The situation is a dramatic shift from the late spring, summer and early fall, when Oregon tossed out over 400,000 unused spoiled or expired doses, largely because of lack of demand, The Oregonian/OregonLive reported.

“We acknowledge that doses may be challenging to find right now,” Oregon Health Authority spokesperson Erica Heartquist said in an email Tuesday.

Three days earlier, the authority didn’t indicate any problems in a tweet: “Sites around Oregon are ready to accommodate large numbers of people seeking #COVID19 vaccinations. Offering all three COVID-19 vaccines, these sites are open to everyone eligible for a COVID-19 vaccine or booster.”
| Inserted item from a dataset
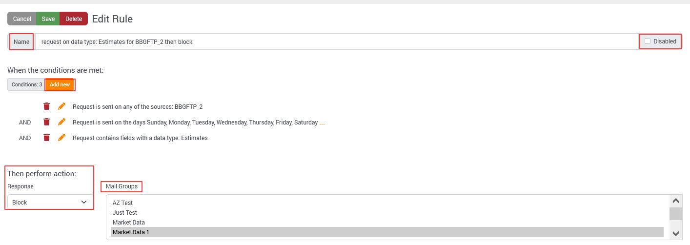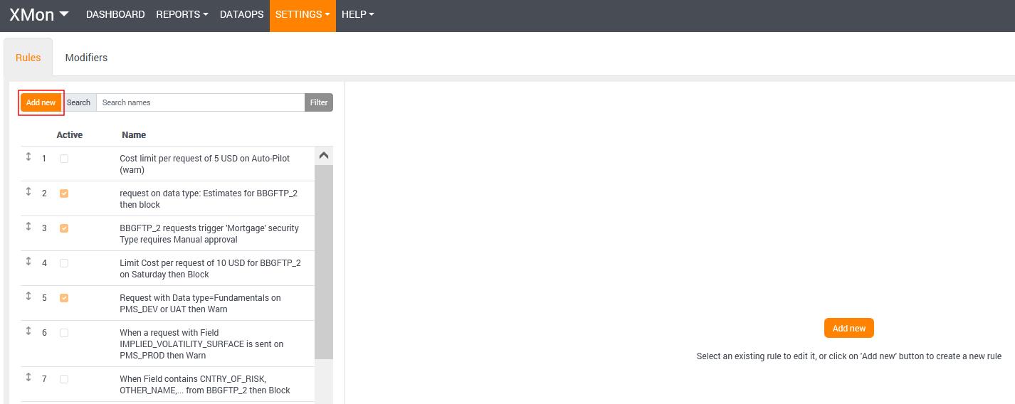 To define a new rule, go to the menu SETTINGS > RULES and click on the Add New button, input the required information and click Save when finished.

Oregon Health Authority officials said the reasons for the temporary shortage are varied. A big one is a dearth of available medical personnel to administer vaccines. Some are busy treating COVID-19 patients from the latest surge.

Many people are now eligible for booster shots, because it’s been more than six months since many were fully vaccinated. The latest concerning coronavirus variant, omicron, was also announced in the past few days.

Heartquist Tuesday acknowledged there currently isn’t enough vaccine in the state to meet demand, but the authority is “confident” more doses will arrive from federal officials to meet Oregon’s needs. She said the agency also is re-distributing doses to areas with higher demand.

She said officials “request patience from Oregonians.”